This guide can not, however, replace the manual - it assumes you already have some basic knowledge about the flat assembler's language so now you can go into understanding it deeper.
Assembler as a compiler and assembler as an interpreter
The implementations of programming languages are divided into two main classes: compilers and interpreters. The interpreter is a program which takes a program written in some language and executes it. And the compiler is simply a program that translates program written in one language into another one - the most commonly the target language is the machine language, so the result can be then executed by the machine.
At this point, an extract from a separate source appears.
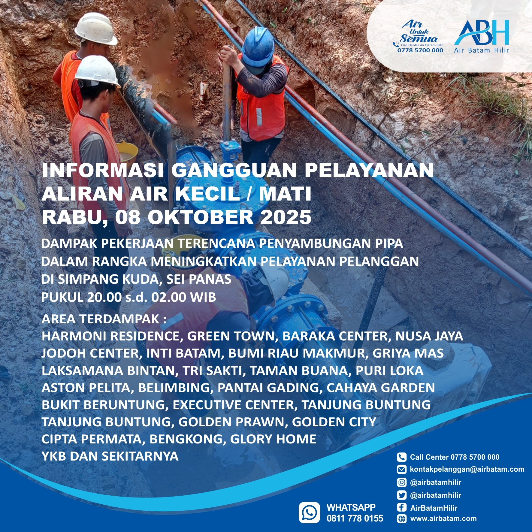 Area terdampak : Harmoni Residence, Bengkong Jaya, Bengkong Center, Bengkong Mahkota, Bengkong Permai, Bengkong City, Bengkong Dalam, Bengkong Palapa, Bengkong Ratu, Bengkong Harapan 1 & 2, Bengkong Kodim, Bengkong Mas, Bengkong Aljabar, Green Town, Baraka Center, Jodoh Center, Inti Batam, Laksamana Bintan, Bumi Riau Makmur, Tanjung Trisakti, Taman Buana, Aston Pelita, Belimbing, Puriloka, Bukit Beruntung, Griya Mas, Nusa Jaya, Eecutive Center, Bengkong Indah 1 & 2, Bengkong Baru, Bengkong Swadebi, Sadai, YKB, Tanjung Buntung, Golden Prawn, Golden City, Pantai Gading, Cahaya Garden, Glory Home, Cipta Permata dan Sekitarnya.

From this point of view, the assembler appears to be a kind of compiler - it takes the program written in assembly language (the source code) and translates it into machine language. However there are some differences. When compiler does the translation from one language to another, it is expected to make the program in the target language that will run (when executed by some interpreter or processor) the same way and give the same results. But in exact details like choosing between many possible language constructs that would do the same, the compiler has freedom of choice - while it is expected to make possibly the best choice, the various compilers translating between the same two languages may give quite different results, even though the programs will do the same. The assembler is a bit different in this aspect, as there is a kind of exact correspondence between the instructions of assembly language and the instructions of machine language they are translated to. In fact in most cases you know what bytes exactly will be generated by the assembly language construct. This is what in fact makes assembler behave a bit like interpreter. This is the most obvious in the case of directives like:
db 90h
which tells the assembler to put the one byte with value 90h at the current position in the output code. This is more like if the assembler was an interpreter, and the machine language generated by assembler was simply an output of the interpreted program. Even the instructions, which in fact represent the machine language instructions they are translated to, can be considered to be actually the directives that tell assembler to generate the opcode of given instruction and place it at current position in output.
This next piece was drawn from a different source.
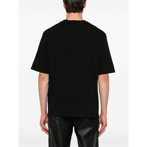 black cotton soft jersey round neck logo print to the front short sleeves straight hem Logo cotton t-shirt Size and Fit - This piece fits true to size. We recommend you get your regular size. Model is 1,84m / 6ft 1in wearing size M
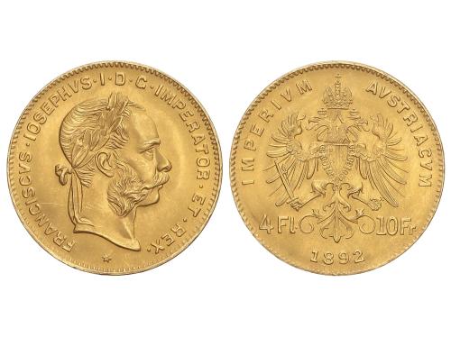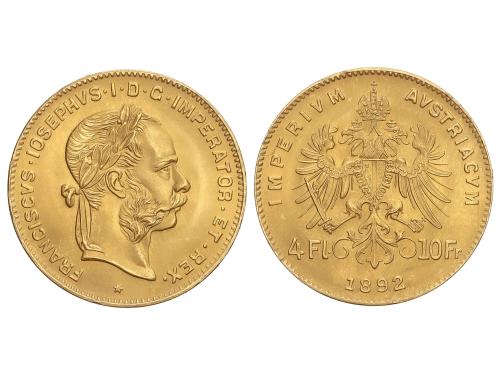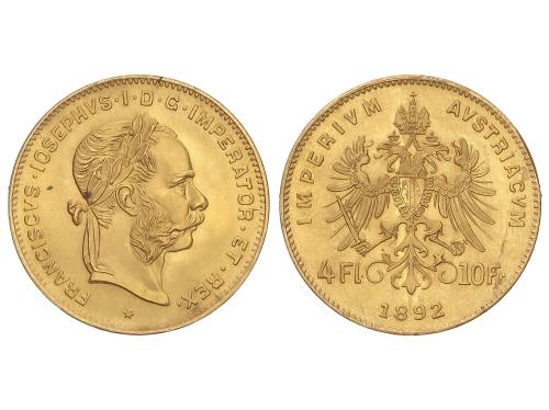 AUSTRIA. 4 Florin-10 Francs. 1892. FRANZ JOSEPH I. 3,22 grs. Reacuñación oficial (Restrike). Fr-503R; KM-2260. SC-.

Also one can put no instruction mnemonics at all into the source code, and use only DB directives to create, for instance, just some text. In such case the output is not a program at all, as it doesn't contain any machine language instructions. This makes assembler appear to be really an interpreter.
But when someone writes the program in assembly language, he usually thinks about the program he writes in machine language - assembler just makes the task of creating program in machine language easier, providing easy to memorize names for instructions (called mnemonics for that very reason), allowing to label various places in memory and other values with names and then calculating the appropriate addresses and displacements automatically. When writing some simple sequence of instructions in assembly language:
mov ax,4C00h
int 21h
one usually doesn't think about them as interpreted directives that generate the machine language instructions. One does think as if they actually were the instructions which they generate, one thinks in terms of the program he writes with the assembly language, not the program he writes in assembly language. But there are actually those two programs merged together, two different layers of thinking in one source code. This makes assembler a new quality: a tool that appears to be both compiler and interpreter at the same time.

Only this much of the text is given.